Customers have a nearly absolute right to use FINRA arbitration to resolve disputes with FINRA members. Employment disputes between FINRA members and licensed employees are required to be resolved through FINRA. Non-member RIAs, on the other hand, can insist on resolving disputes with their clients and employees through the courts if they so choose.

Private arbitration is another option. An RIA can require its clients to arbitrate disputes by including a provision in an investment management agreement. So what may be attractive to an RIA about FINRA arbitration?

First, the arbitration will be decided by three arbitrators if the amount in dispute exceeds $100,000. To some, a panel of three arbitrators (as opposed to a single arbitrator) is seen as favoring the defense.

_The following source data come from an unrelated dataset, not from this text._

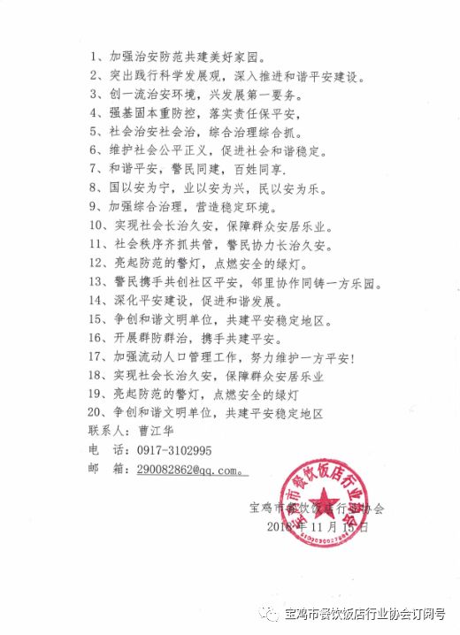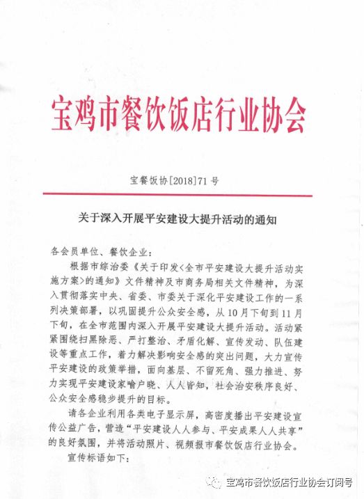 各会员单位、餐饮企业: 根据市综治委《关于印发<全市平安建设大提升活动实施方案>的通知》文件精神及市商务局相关文件精神,为深入贯彻落实中央、省委、市委关于深化平安建设工作的一系列决策部署,以巩固提升公众安全感,从10月下旬到11月下旬,在全市范围内深入开展平安建设大提升活动。活动紧紧围绕扫黑除恶、严打整治、矛盾化解、宣传发动、队伍建设等重点工作,着力解决影响安全感的突出问题,大力宣传平安建设的政策举措,面向基层、不留死角、强力推进、努力实现平安建设家喻户晓、人人皆知,社会治安秩序良好、公众安全感稳步提升的目标。 请各企业利用各类电子显示屏,高密度播出平安建设宣传公益广告,营造“平安建设人人参与、平安成果人人共享”的良好氛围,并将活动照片、视频报市餐饮饭店行业协会。 宣传标语如下: 1、加强治安防范共建美好家园。 2、突出践行科学发展观,深入推进和谐平安建设。 3、创一流治安环境,兴发展第一要务。 4、强基固本重防控,落实责任保平安。 5、社会治安社会治,综合治理综合抓。 6、维护社会公平正义,促进社会和谐稳定。 7、和谐平安,警民同建,百姓同享。 8、国以安为宁,业以安为兴,民以安为乐。 9、加强综合治理,营造稳定环境。 10、实现社会长治久安,保障群众安居乐业。 11、社会秩序齐抓共管,警民协力长治久安。 12、亮起防范的警灯,点燃安全的绿灯。 13、警民携手共创社区平安,邻里协作同铸一方乐园。 14、深化平安建设,促进和谐发展。 15、争创和谐文明单位,共建平安稳定地区。 16、开展群防群治,携手共建平安。 17、加强流动人口管理工作,努力维护一方平安! 18、实现社会长治久安,保障群众安居乐业。 19、亮起防范的警灯,点燃安全的绿灯。 20、争创和谐文明单位,共建平安稳定地区。
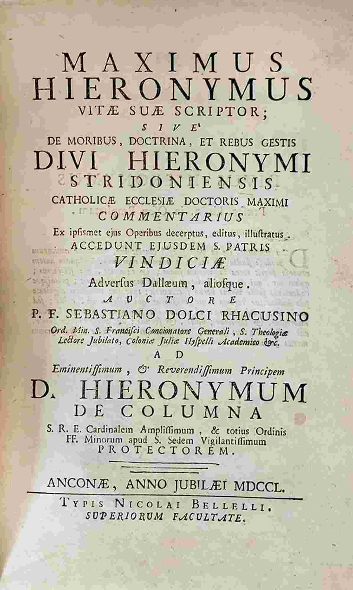 Lot 204 | HIERONYMUS STRIDONIENSIS: De Moribus Doctrina, Ancona, Niccolo' Bellelli, 1750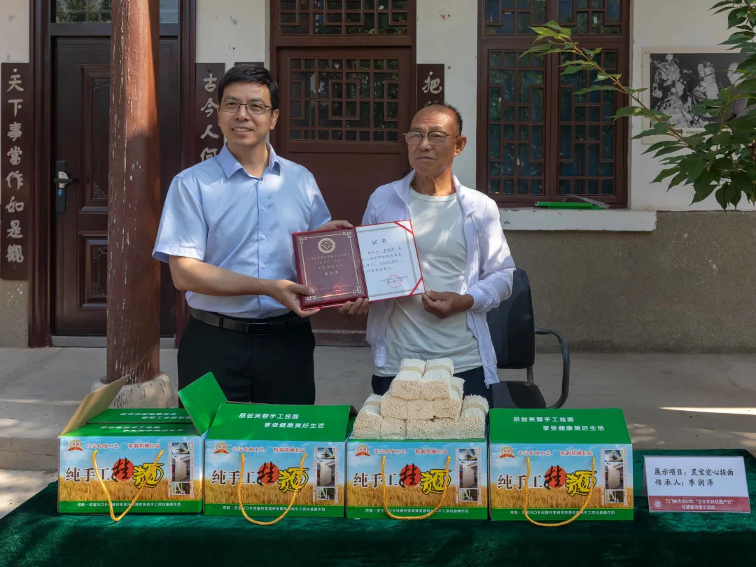 活動(dòng)期間,三門峽市文化廣電和旅游局三級(jí)調(diào)研員鄧偉華等人向三門峽市第七批非遺傳承人頒發(fā)了證書和匾牌。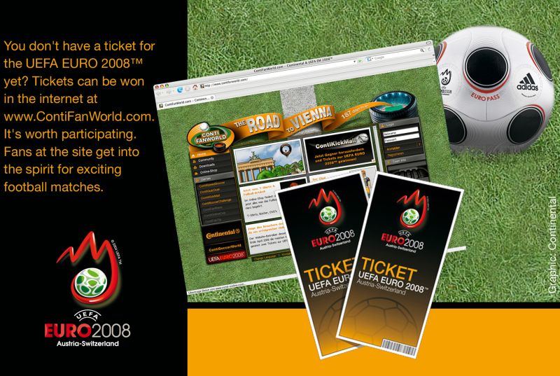 Unter www.ContiSoccerWorld.de informiert Continental umfassend über die eigenen Aktivitäten im Fußball, die Sieger der früheren Turniere, über die Teams und Stars der 16 qualifizierten Teams der UEFA EURO 2008™ und natürlich über alle Ticket-Gewinnspiele.
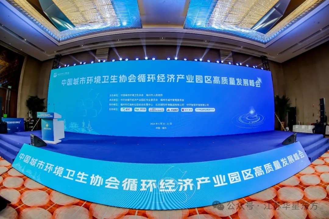On June 21, 2024, the China Urban Environmental Sanitation Association Circular Economy Industrial Park High-Quality Development Conference was held in Fuzhou, Fujian Province. The conference was hosted by the China Urban Environmental Sanitation Association and the Fuzhou Municipal People's Government, and undertaken by the China Environmental Association Circular Economy Industrial Park Professional Committee and the Fuzhou Municipal Urban Management Committee. Huaxing East Co. was invited to attend the conference as a supporting unit. More than 200 representatives from national ministries and commissions, Beijing, Fujian Province, as well as typical domestic circular economy parks, leading enterprises and scientific research institutions attended the conference.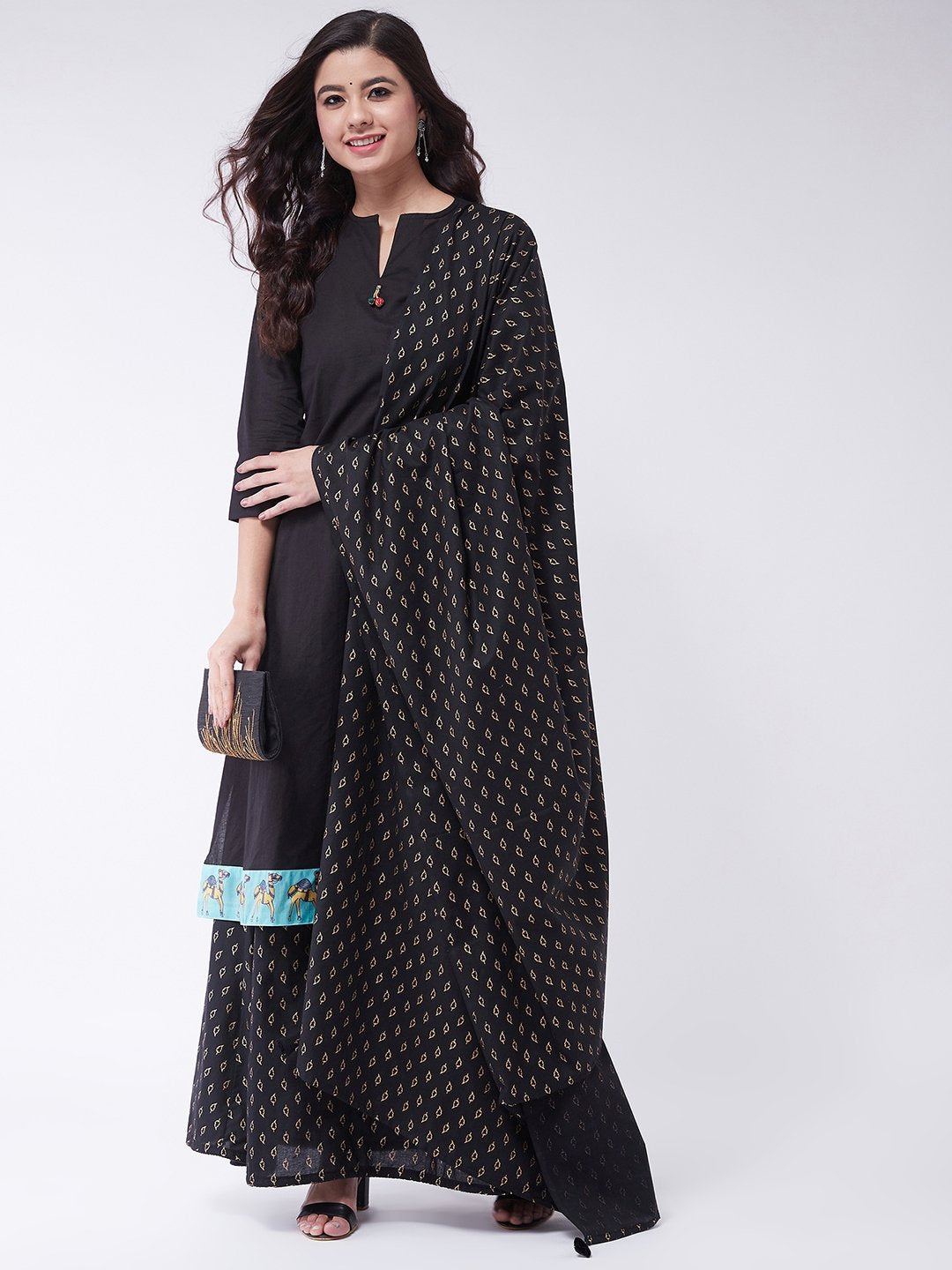 Get the most experimented styles in Indian wear like this black and golden coloured printed dupatta. It has a golden leaf printed design and charm to flaunt.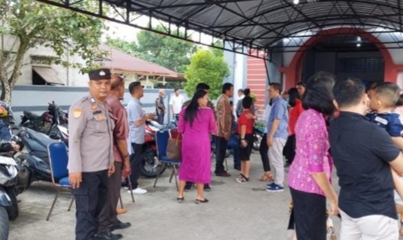 Singkawang, Polda Kalbar – Polres Singkawang, Polsek Singkawang Barat, Polri melaksanakan pengamanan hari Minggu tanggal 6 Agustus 2023, pukul 09.00 Wib s/d 12.00 wib bertempat di Gereja Huria Kristen Batak Protestan ( HKBP ) Kota Singkawang, Jl. Firdaus H. Rais No. 76, Kel. Pasiran Kec. Singkawang Barat telah dilaksanakan kegiatan Pengamanan ibadah dengan tema “makanan dan minuman adalah pemberian Allah“ yang dipimpin oleh Pendeta Togar Hasugian S.Th., MM, Jumlah jemaat : ± 97 orang.

Second, the pool from which arbitrators will be chosen generally consist of individuals who have some experience with securities issues and some training in arbitration, and will likely include at least one arbitrator with work experience in the financial services industry.

However, RIAs may be quick to point out that the advisory segment of the industry is quite different from the broker-dealer disputes most often heard by FINRA panels. Thus, the perceived benefit of the arbitrators’ experience may be illusory.

Third, the FINRA arbitration rules provide for limited, but reciprocal, discovery — primarily through written requests for documents and information. These rules save the expense of full-blown litigation discovery while providing a method to obtain necessary documents from your opponent. Finally, the hearing itself will be handled in a predictable manner similar to a trial, with arbitrators likely to take their roles quite seriously.

The downside? FINRA arbitration panels hear cases in a limited number of cities and Rochester is not one of them. Also, RIAs can only use FINRA arbitration if the customer or employee agrees in writing. In the case of an investor, the agreement must be signed after the dispute arose. Pre-dispute arbitration clauses will not be sufficient. Additionally, unlike private arbitrations, an award against an RIA will be publicly available on the FINRA website.

Is a FINRA award binding? Unlike their broker-dealer cousins, RIAs cannot be forced by FINRA to pay any award. Like private arbitrations, the investor may have to bring an action in court to confirm the award. An award would be binding but not self-executing.

FINRA mediation may be attractive to an RIA, but primarily because of the stable of experienced mediators that regularly engage in mediations of securities disputes. These mediators are not exclusive to FINRA, and may be hired directly. However, FINRA’s mediation arm is a good resource. Several mediators available through FINRA are skilled in the art of making investors feel good about a negotiated settlement while at the same time maintaining credibility with large institutional broker-dealers and their counsel.

A word about FINRA’s fees — FINRA arbitration costs money and FINRA mediators don’t come cheaply. FINRA’s arbitration fees are mostly refundable to the investor, if the case settles more than 10 days before hearing. The RIA has to pay a “surcharge” in an amount determined by reference to the amount of the investor’s claim, ranging from $150 to $3,750. The surcharge is only refundable if the RIA prevails at the hearing or the arbitration panel makes a separate award requiring the investor to reimburse the RIA.

If the case proceeds to a hearing, the parties share “hearing session fees” of $600 to $1,200 per hearing session (for three-arbitrator panels), unless the panel decides to reallocate those fees in its award. A hearing “session” is a morning or an afternoon session, and there can be two hearing sessions per day.

RIAs should consider the possibility of pursuing FINRA arbitration and mediation in customer and employment disputes. In appropriate cases, FINRA’s resources and procedures may be helpful in resolving disputes in a timely and cost-effective manner.

Steven E. Cole is a partner in the law firm of Leclair Korona Giordano Cole LLP, and concentrates his practice in the area of commercial and securities litigation.